Hier, le grand théâtre du régime macronien avait choisi l’hémicycle du Palais Bourbon pour offrir un spectacle aux médias chargés de désinformer les Français. Il s’agissait pour le gouvernement et pour les « députés » d’obéir à l’injonction présidentielle : il l’ont fait et ont parlé pendant cinq heures de l’immigration. Le but de l’exécutif était d’occuper apparemment la position centrale qui lui paraît la bonne tactique électorale. On parle de l’immigration, sans tabou, et on se fait accuser par l’extrême-gauche d’instrumentaliser la question, mais on rejette la remise en cause du droit du sol, proposée par la vraie droite, tout en refusant la naïveté, en matière d’aide médicale, pour complaire à la droite dite modérée, c’est-à-dire au marais. Le fait que la question cruciale du droit du sol et plus généralement de l’acquisition de la nationalité française ait été balayée d’un revers de main est significative. C’est la seule qui peut mettre fin à la naïveté qui consiste à croire qu’un Français de papier, souvent doté d’une autre nationalité, conservant un mode de vie et des convictions étrangères et même parfois hostiles à la nation française dont il est devenu membre par automatisme ou par intérêt, constitue un citoyen comme les autres. L’augmentation de ce type de « Français » modifie en profondeur l’identité du pays, sa culture, la prise en compte de son destin par l’ensemble de sa « nation ». C’est par ce biais que s’effectue le grand remplacement, qui n’est pas un leurre. Peu à peu, sur des territoires qui s’étendent et se multiplient, ce sont d’autres codes qui s’installent que ceux transmis par nos traditions, par notre histoire et théoriquement imposés pas nos lois. Des personnes d’influence, puis des décideurs investissent les pouvoirs médiatiques, culturels et politiques pour changer, comme ils disent, notre « mentalité », nos « stéréotypes », pour déraciner les Français, non pour créer une société plus ouverte vers le monde, multiculturelle, mais pour affaiblir les résistances identitaires et préparer un basculement progressif vers une autre culture, une autre histoire, un autre langage, une autre musique, une autre cuisine, déjà véhiculées de la publicité jusqu’à l’école avec une frénésie suicidaire.

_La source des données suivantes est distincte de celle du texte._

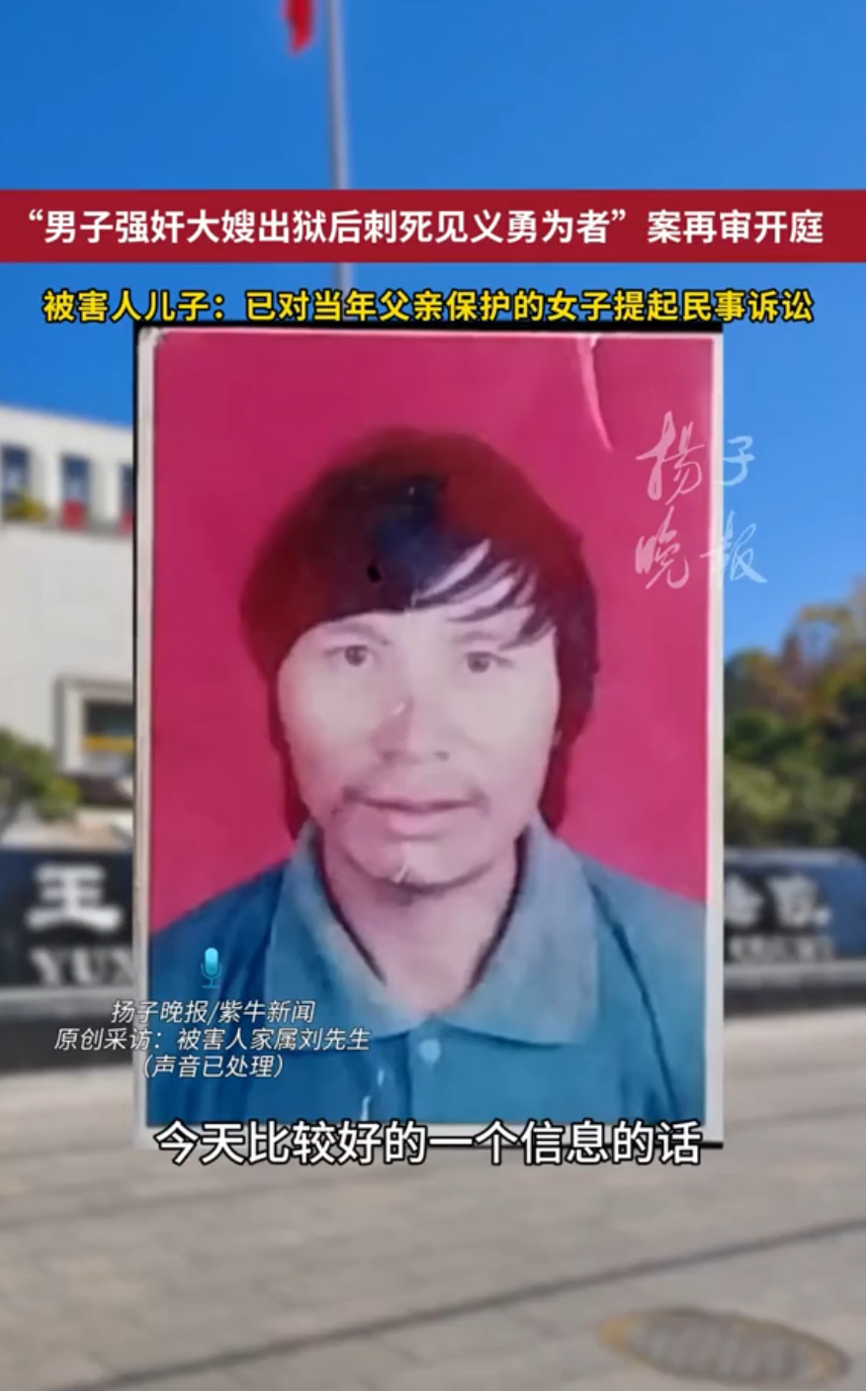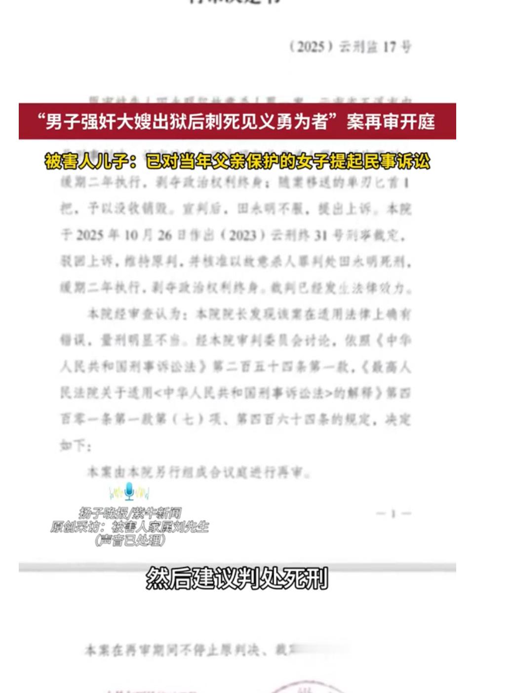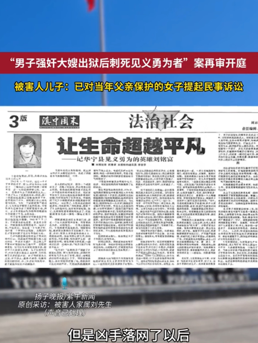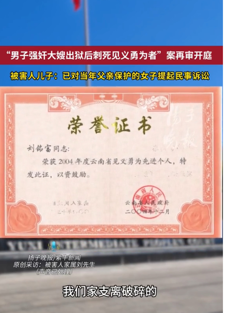 男子见义勇为被捅死后3个儿子辍学24年前,云南村民刘铭富为救同村女子,被刑满释放的报复者连刺数刀身亡,留下三个未成年儿子辍学养家。2026年1月21日再审开庭,检方建议改判死刑立即执行。微评时论

Pour ceux qui ont connu l’Assemblée de l’intérieur, un débat comme celui d’hier est effarant. Le gouvernement a réuni les parlementaires pour dire qu’ils avaient parlé de l’immigration et qu’ils en parleraient à nouveau. Cela fait cinquante ans que ça dure depuis le va-et-vient sur le regroupement familial des années 1970, jusqu’aux mesures cosmétiques de la loi « asile et immigration » de l’année dernière, en passant par le manège du code de la nationalité en fonction des alternances politiques, et le fiasco du débat sur l’identité nationale confié par Sarkozy à un ministre venu du parti socialiste. Les quotas sont aux parlementaires ce que sont les marronniers pour les journalistes, le sujet qu’on évoque quand on n’a rien d’autre à dire. Le serpent de mer a donc refait surface dans le discours d’Edouard Philippe chatoyant de multiples écailles : par pays, par profession. Cette solution technocratique permettrait d’envelopper le souhait du pouvoir de faire entrer des travailleurs à bas coût tout en manifestant apparemment de la rigueur sur les flux migratoires. La possibilité ouverte de travailler pour les demandeurs d’asile après six mois de présence votée lors de la récente loi participait de cette ambiguïté, pour ne pas dire de cette hypocrisie. La porosité entre la migration économique, la demande d’asile, l’immigration clandestine et l’attirance pour l’eldorado médical et social, pour les mineurs puis toute la famille, crée une confusion qui empêche toute solution technocratique d’être efficace. De plus, des bonnes âmes, étonnantes parfois, comme Jacques Toubon, juchées à la tête de hautes autorités administratives financées par l’Etat, s’empresseront de mettre des bâtons dans les roues de celui-ci, si tant est qu’il ait vraiment l’intention de réduire un flux qui n’est même pas sérieusement mesuré.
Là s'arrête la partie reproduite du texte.